From the line with "A Nigerian man, Yaya" to the line with "Активная и реактивная", retype each line exactly as it stands in the records below, but skip the pictures.

━━ Records for the task

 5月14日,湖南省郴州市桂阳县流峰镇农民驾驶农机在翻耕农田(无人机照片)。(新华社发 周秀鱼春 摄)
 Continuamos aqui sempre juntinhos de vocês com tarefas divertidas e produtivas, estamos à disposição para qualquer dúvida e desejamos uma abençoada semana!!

━━━━
━━ Records for the task

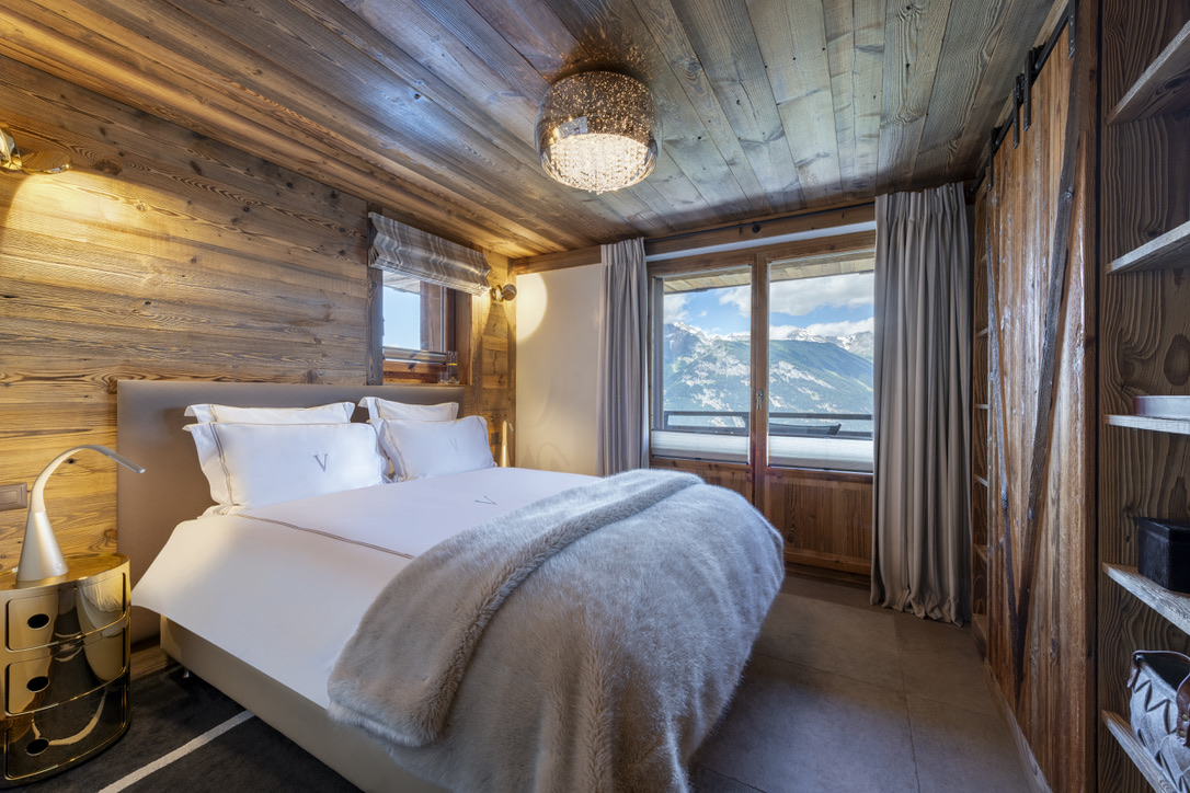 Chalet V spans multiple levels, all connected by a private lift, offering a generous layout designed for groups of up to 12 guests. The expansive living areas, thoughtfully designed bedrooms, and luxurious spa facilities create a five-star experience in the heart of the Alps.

━━━━
━━ Records for the task

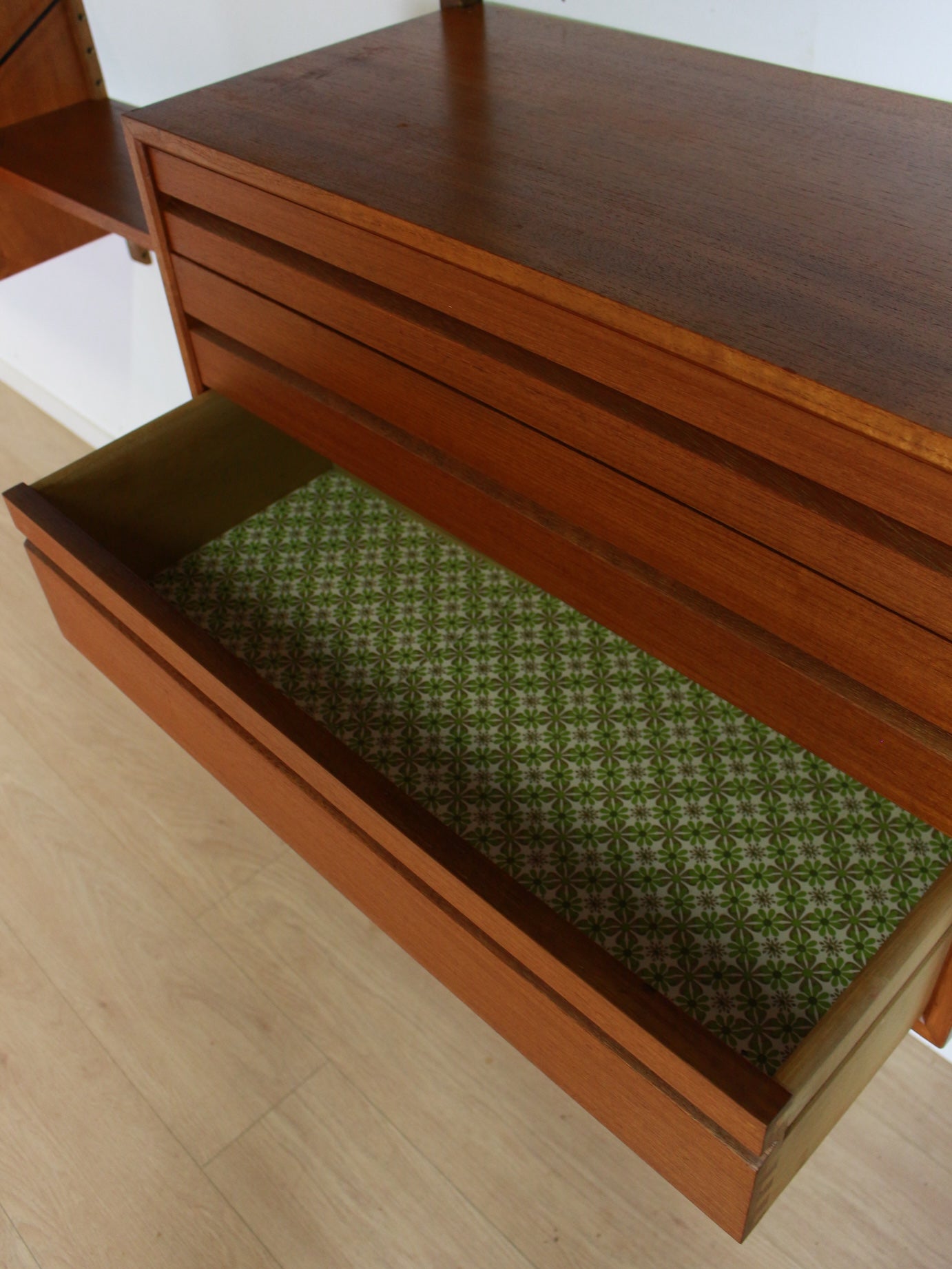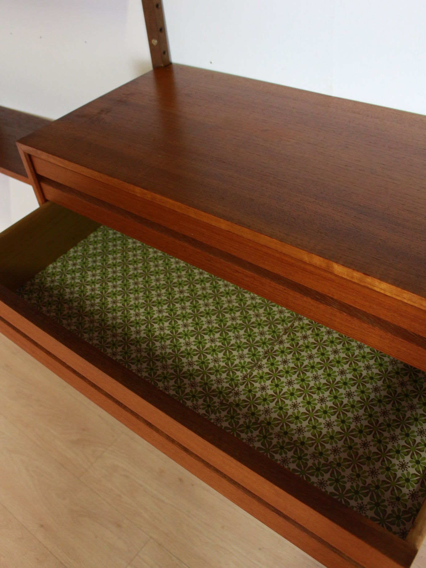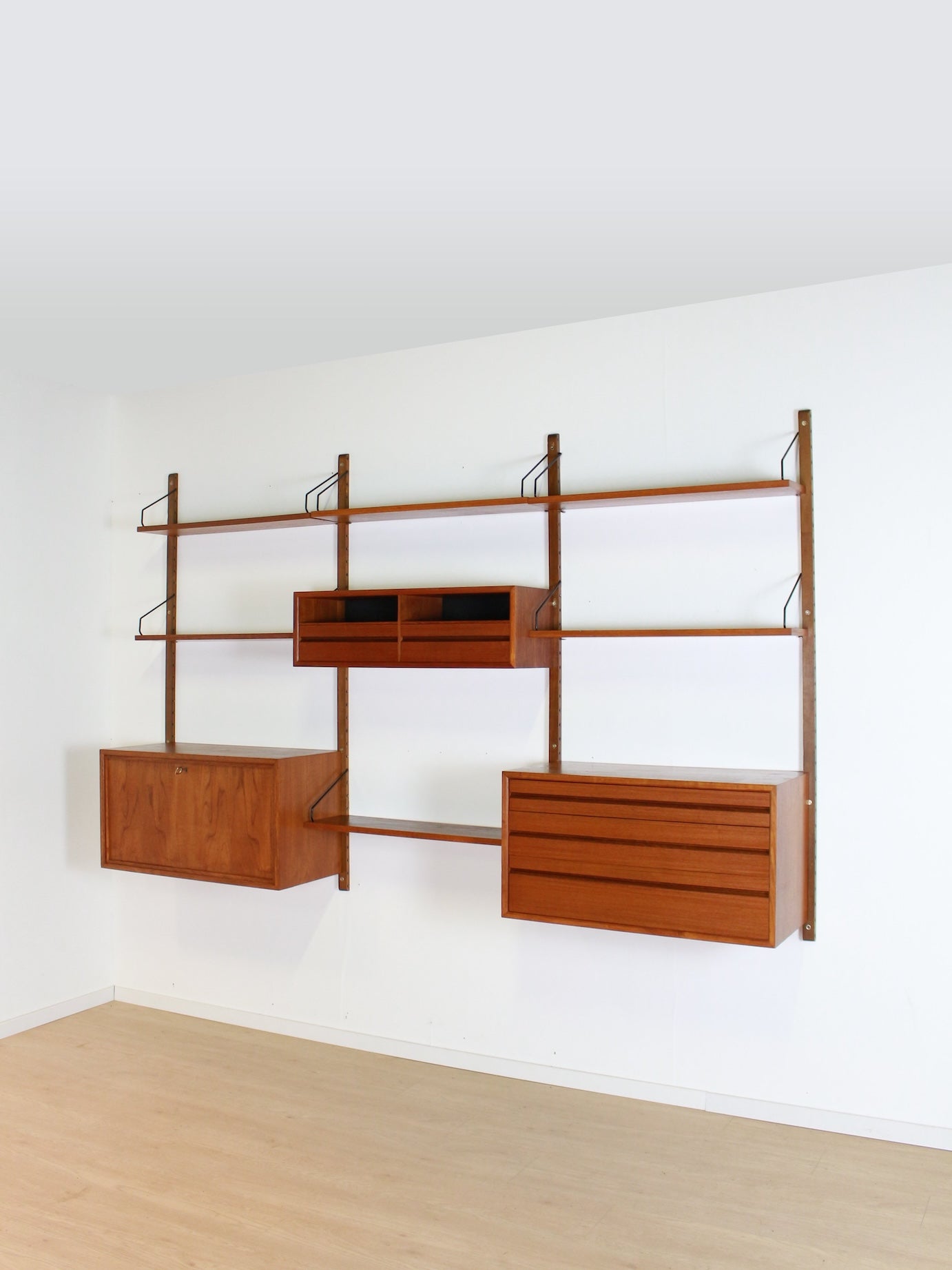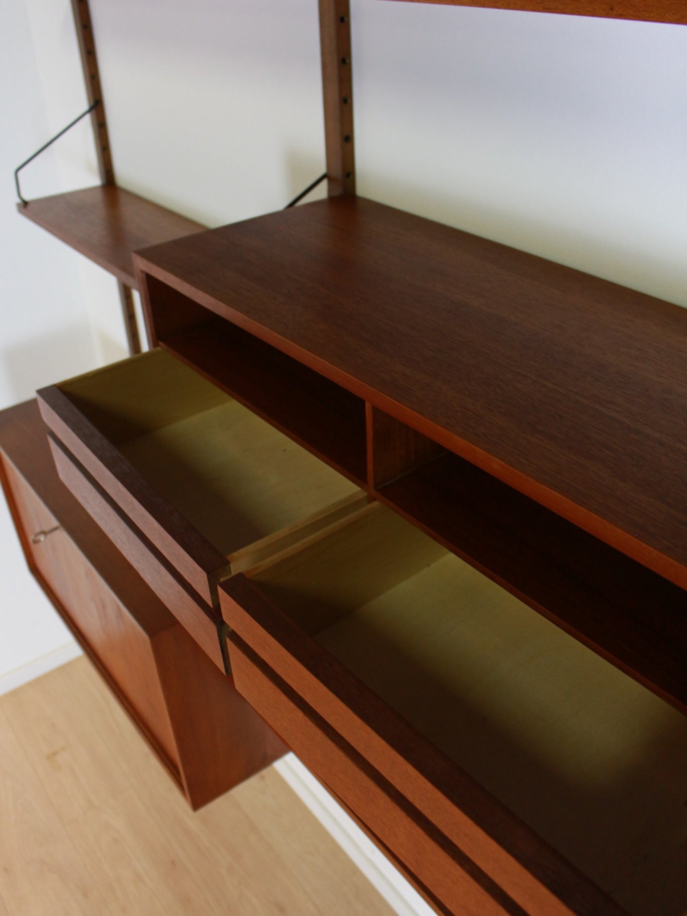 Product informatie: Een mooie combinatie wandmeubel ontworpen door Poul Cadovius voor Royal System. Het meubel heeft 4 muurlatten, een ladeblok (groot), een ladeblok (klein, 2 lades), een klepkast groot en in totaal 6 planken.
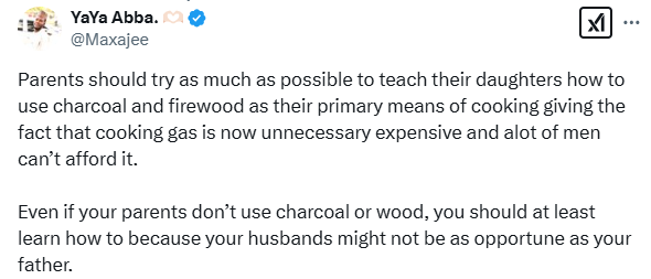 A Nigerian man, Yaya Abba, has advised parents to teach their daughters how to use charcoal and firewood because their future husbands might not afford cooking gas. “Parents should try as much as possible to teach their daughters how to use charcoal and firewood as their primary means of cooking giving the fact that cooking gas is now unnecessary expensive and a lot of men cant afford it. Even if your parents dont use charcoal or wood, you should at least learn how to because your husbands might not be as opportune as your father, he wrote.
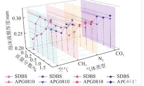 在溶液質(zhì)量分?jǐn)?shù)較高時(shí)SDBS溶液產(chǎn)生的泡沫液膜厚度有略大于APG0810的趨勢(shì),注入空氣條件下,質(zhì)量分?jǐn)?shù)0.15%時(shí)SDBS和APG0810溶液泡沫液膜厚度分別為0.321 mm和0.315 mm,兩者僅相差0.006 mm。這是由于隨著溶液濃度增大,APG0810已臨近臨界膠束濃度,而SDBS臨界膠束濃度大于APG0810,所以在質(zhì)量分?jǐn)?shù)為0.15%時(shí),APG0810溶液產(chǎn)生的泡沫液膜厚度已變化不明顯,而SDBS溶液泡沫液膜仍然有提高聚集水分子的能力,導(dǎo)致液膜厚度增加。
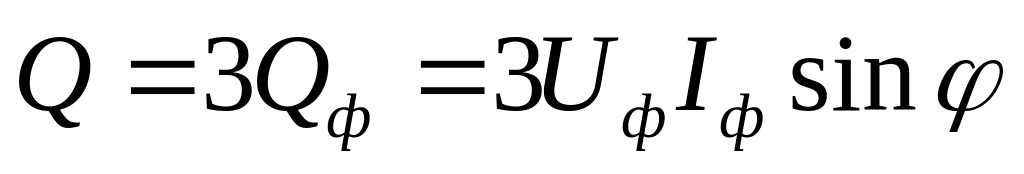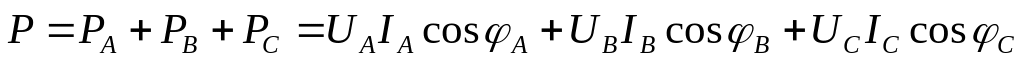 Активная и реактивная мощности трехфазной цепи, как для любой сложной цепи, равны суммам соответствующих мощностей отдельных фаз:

━━━━

- _Result below_
 A Nigerian man, Yaya Abba, has advised parents to teach their daughters how to use charcoal and firewood because their future husbands might not afford cooking gas. “Parents should try as much as possible to teach their daughters how to use charcoal and firewood as their primary means of cooking giving the fact that cooking gas is now unnecessary expensive and a lot of men cant afford it. Even if your parents dont use charcoal or wood, you should at least learn how to because your husbands might not be as opportune as your father, he wrote.
 在溶液質(zhì)量分?jǐn)?shù)較高時(shí)SDBS溶液產(chǎn)生的泡沫液膜厚度有略大于APG0810的趨勢(shì),注入空氣條件下,質(zhì)量分?jǐn)?shù)0.15%時(shí)SDBS和APG0810溶液泡沫液膜厚度分別為0.321 mm和0.315 mm,兩者僅相差0.006 mm。這是由于隨著溶液濃度增大,APG0810已臨近臨界膠束濃度,而SDBS臨界膠束濃度大于APG0810,所以在質(zhì)量分?jǐn)?shù)為0.15%時(shí),APG0810溶液產(chǎn)生的泡沫液膜厚度已變化不明顯,而SDBS溶液泡沫液膜仍然有提高聚集水分子的能力,導(dǎo)致液膜厚度增加。
 Активная и реактивная мощности трехфазной цепи, как для любой сложной цепи, равны суммам соответствующих мощностей отдельных фаз:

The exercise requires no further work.